▶ **TASK MATERIAL**
◆ ◆ ◆ ◆ ◆ ◆ ◆

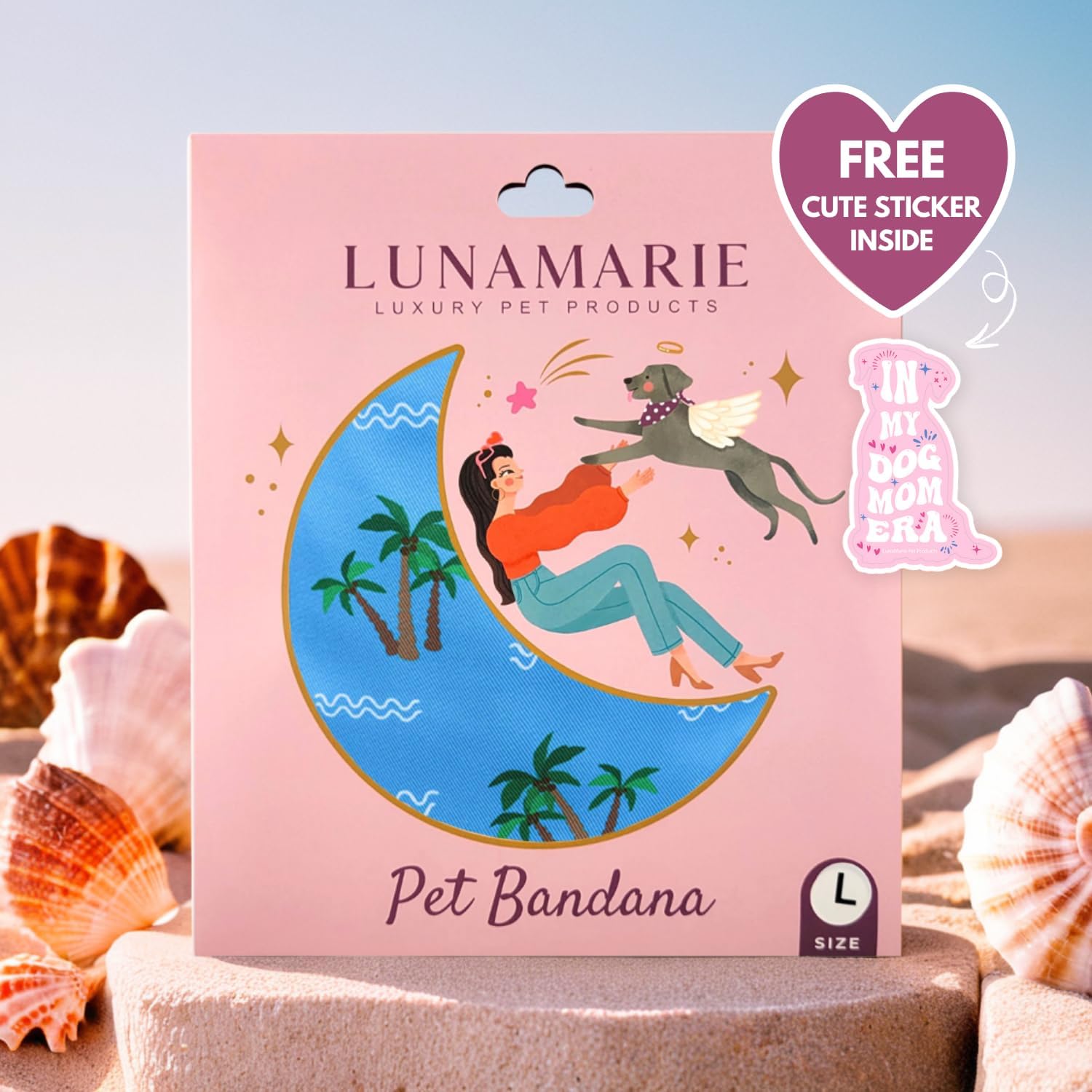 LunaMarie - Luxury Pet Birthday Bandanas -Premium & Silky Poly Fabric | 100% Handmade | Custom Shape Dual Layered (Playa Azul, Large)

◆ ◆ ◆ ◆ ◆ ◆ ◆

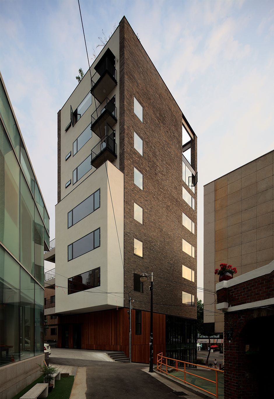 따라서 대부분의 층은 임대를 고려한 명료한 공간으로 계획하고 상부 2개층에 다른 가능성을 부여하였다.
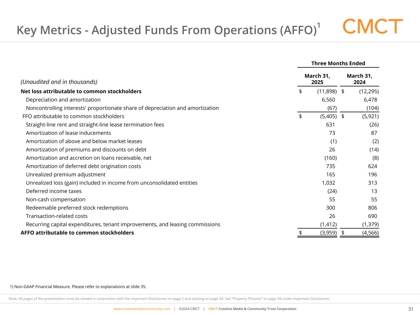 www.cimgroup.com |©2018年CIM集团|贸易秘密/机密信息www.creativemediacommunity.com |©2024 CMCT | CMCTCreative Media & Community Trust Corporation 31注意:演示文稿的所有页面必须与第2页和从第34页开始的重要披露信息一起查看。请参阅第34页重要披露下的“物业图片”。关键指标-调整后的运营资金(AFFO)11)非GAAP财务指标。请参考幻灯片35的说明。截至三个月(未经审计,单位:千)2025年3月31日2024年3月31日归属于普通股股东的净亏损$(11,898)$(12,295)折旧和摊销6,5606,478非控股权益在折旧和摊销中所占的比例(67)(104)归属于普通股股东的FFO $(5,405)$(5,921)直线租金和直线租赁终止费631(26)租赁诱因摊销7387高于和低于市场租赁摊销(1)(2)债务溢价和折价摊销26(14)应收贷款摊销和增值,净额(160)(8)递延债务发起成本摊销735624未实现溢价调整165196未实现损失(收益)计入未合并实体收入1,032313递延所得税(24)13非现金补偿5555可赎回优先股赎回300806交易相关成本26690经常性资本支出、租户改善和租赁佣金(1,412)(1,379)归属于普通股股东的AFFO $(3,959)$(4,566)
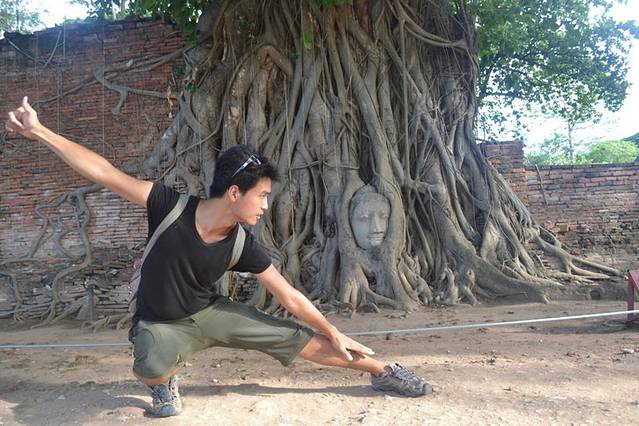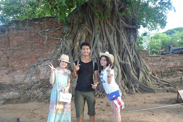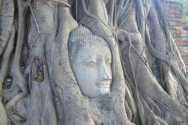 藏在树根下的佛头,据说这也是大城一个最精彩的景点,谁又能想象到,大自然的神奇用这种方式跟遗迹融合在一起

◆ ◆ ◆ ◆ ◆ ◆ ◆

▶ **THE PROBLEM**
With the pictures omitted, copy exactly the lines of the listing above starting at the line containing "CMCT | CMCTCreative" and ending at the line containing "藏在树根下的佛头,据说这也是", both included.

▶ **EXERCISE RESPONSE**
 www.cimgroup.com |©2018年CIM集团|贸易秘密/机密信息www.creativemediacommunity.com |©2024 CMCT | CMCTCreative Media & Community Trust Corporation 31注意:演示文稿的所有页面必须与第2页和从第34页开始的重要披露信息一起查看。请参阅第34页重要披露下的“物业图片”。关键指标-调整后的运营资金(AFFO)11)非GAAP财务指标。请参考幻灯片35的说明。截至三个月(未经审计,单位:千)2025年3月31日2024年3月31日归属于普通股股东的净亏损$(11,898)$(12,295)折旧和摊销6,5606,478非控股权益在折旧和摊销中所占的比例(67)(104)归属于普通股股东的FFO $(5,405)$(5,921)直线租金和直线租赁终止费631(26)租赁诱因摊销7387高于和低于市场租赁摊销(1)(2)债务溢价和折价摊销26(14)应收贷款摊销和增值,净额(160)(8)递延债务发起成本摊销735624未实现溢价调整165196未实现损失(收益)计入未合并实体收入1,032313递延所得税(24)13非现金补偿5555可赎回优先股赎回300806交易相关成本26690经常性资本支出、租户改善和租赁佣金(1,412)(1,379)归属于普通股股东的AFFO $(3,959)$(4,566)
 藏在树根下的佛头,据说这也是大城一个最精彩的景点,谁又能想象到,大自然的神奇用这种方式跟遗迹融合在一起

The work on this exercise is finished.